He was then within two months of being forty-three years of age, the youngest man who had ever assumed presidential duties.

By October he had his family installed in the White House. The advent of a family of children was welcomed by the people. It was the largest group of youngsters since Garfield’s occupancy, four boys and two girls. The eldest at once won the public and was dubbed “Princess Alice.” The boys, Theodore, Archie, Kermit, and Quentin, were placed in the public schools, while Ethel attended the Cathedral School for girls. The experiences, exploits, and performances of the young Roosevelts furnished a joyous chapter to White House history, for they fully lived up to all that was expected of them, and their doings throughout their life in Washington found a responsive, sympathetic note of understanding in the hearts of boys and girls of America.

Mrs. Roosevelt assumed her new duties with the quiet dignity and pleasant manner which were always characteristic of her. The best part of her life had been spent in official circles through the various positions which the Colonel had filled, and she had acquired the art of always giving the impression of being interested and pleased in the affairs of the moment whether she really felt so or not. This charm of manner made her receptions popular and well attended.

President Roosevelt’s career as Civil Service Commissioner and Assistant Secretary of the Navy, his efficiency and gallantry at San Juan Hill, which had brought him the governorship of New York, his well-known reluctance at being shelved into the vice presidency, all served to invest him with an unusual hold upon the interest of the public, apart from the magnetism of his own dynamic personality. Crowds such as the White House had never before witnessed, except on special occasions, made the President’s office their daily objective.

His first public reception, New Year’s Day of 1902, drew an unprecedented multitude, 8,100 people passing in line to shake his hand and to be presented to the new First Lady and the Cabinet ladies.

Mrs. Roosevelt had tabooed the handshaking for herself early in her husband’s official life at the gubernatorial mansion in New York. Although warned that this exhausting ordeal was expected of her, she managed its omission with the graceful tact that served her so well later for the seven and a half years of White House leadership. Instead of wearing a floral corsage she had simply carried a large bouquet, and no one ever thought she should lay it aside to shake hands.

Five days after the reception, Mrs. Roosevelt introduced Miss Alice, just budding into womanhood, to society, at a most delightful reception and dance at which an elaborate buffet supper was served.
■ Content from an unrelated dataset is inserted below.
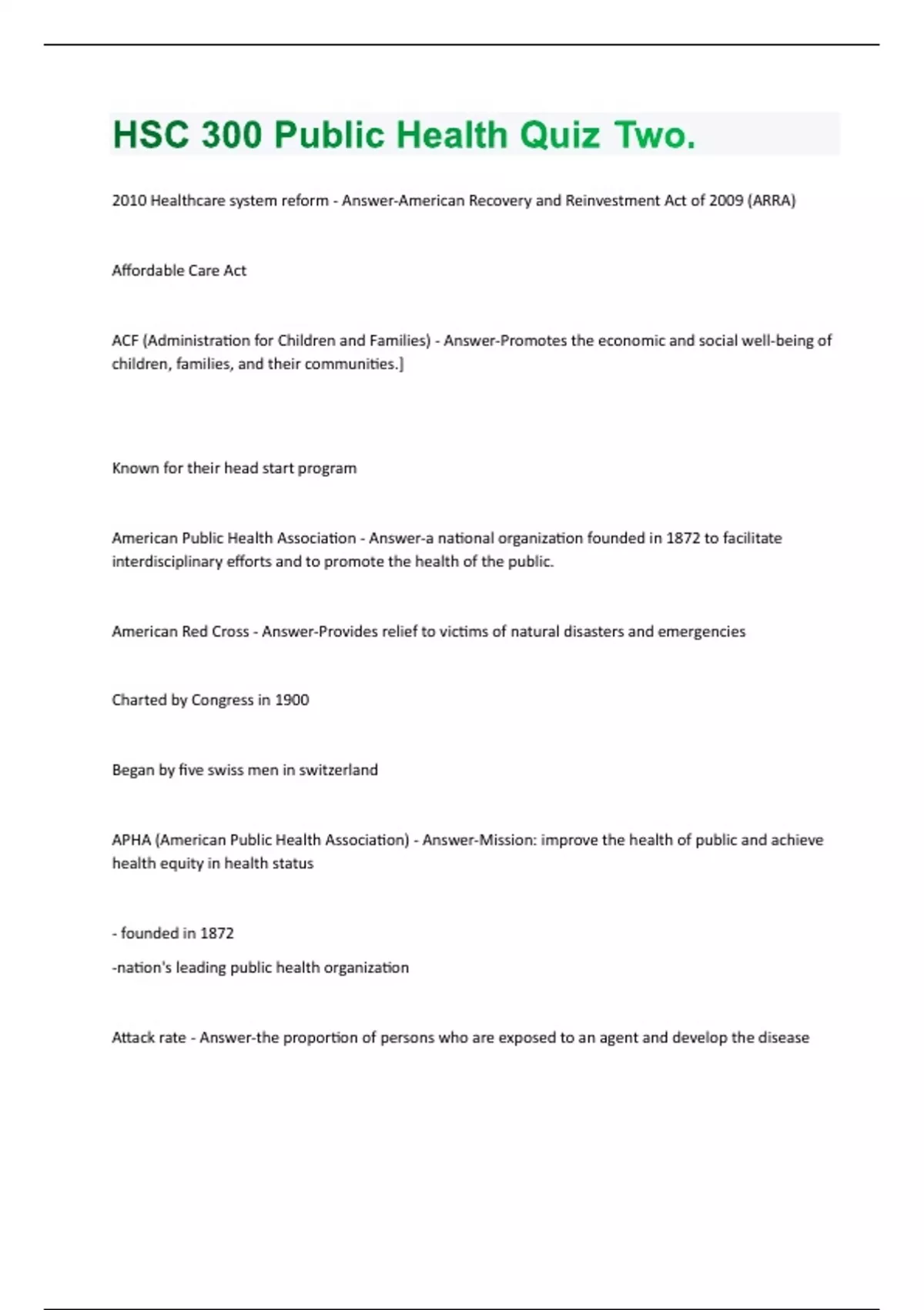 2010 Healthcare system reform - Answer-American Recovery and Reinvestment Act of 2009 (ARRA) Affordable Care Act ACF (Administration for Children and Families) - Answer-Promotes the economic and social well-being of children, families, and their communities.] Known for their head start program American Public Health Association - Answer-a national organization founded in 1872 to facilitate interdisciplinary efforts and to promote the health of the public. American Red Cross - Answer-Provides relief to victims of natural disasters and emergencies Charted by Congress in 1900 Began by five swiss men in switzerland APHA (American Public Health Association) - Answer-Mission: improve the health of public and achieve health equity in health status - founded in 1872 -nation's leading public health organization Attack rate - Answer-the proportion of persons who are exposed to an agent and develop the diseaseCenter for Medicare and Medicaid Services (CMS) - Answer-Establsihed in 1977 as the Health care financing administration Created in1965 to ensure that certain groups were not deprived of healthcare Department of Health and Human Services - Answer-Works for the well-being and health of all Americans Formed in 1960- by President Jimmy Carter Largest department in the federal system EPA - Answer-an independent federal agency established to coordinate programs aimed at reducing pollution and protecting the environment Government health agencies - Answer-Health agencies that are part of the governmental structure (Federal, state, or local) primarily funded by tax dollars How many core functions of public health? - Answer-10

Almost immediately she became the White House belle, with enough attention to turn her head completely. Every step was watched, and every act coloured and exaggerated, until simple girlish fun with her young companions was made to assume all sorts of ludicrous and absurd guises, for it must always be remembered that this slip of a girl was her father’s daughter, with his love of the outdoors and of all clean sport. To ride horseback hard and fast as their father and their brothers, to shoot straight, swim, drive, walk, and play every game to win, with all the concentrated energy and knowledge they possessed, had been instilled into the two Roosevelt daughters. Naturally, applied to the diversities of the social game, this sort of inherited dynamic force gave abundant food for discussion of the young dêbutante whose daily activities, daring and bizarre as some of them were, would have created but little attention had she not been a Roosevelt and in the White House.

It had long been an accepted fact that the White House had become inadequate for the official entertaining, and still more so as a residence for a fair-sized family. Though many White House mistresses had cogitated on ideas of remodelling, Mrs. Harrison having left a splendid plan for this, it was not until 1902 that Congress made the appropriation of $65,196 for the necessary repairs. Work began almost at once that enlarged, renovated, and beautified the building. Two connecting wings were added, one of which took the office and its growing staff away from the house altogether. While the work was being done, the President occupied a house on Jackson Place, now the home of the Women’s City Club, as the temporary White House.

THEODORE ROOSEVELT AND HIS FAMILY

As they appeared when he became President.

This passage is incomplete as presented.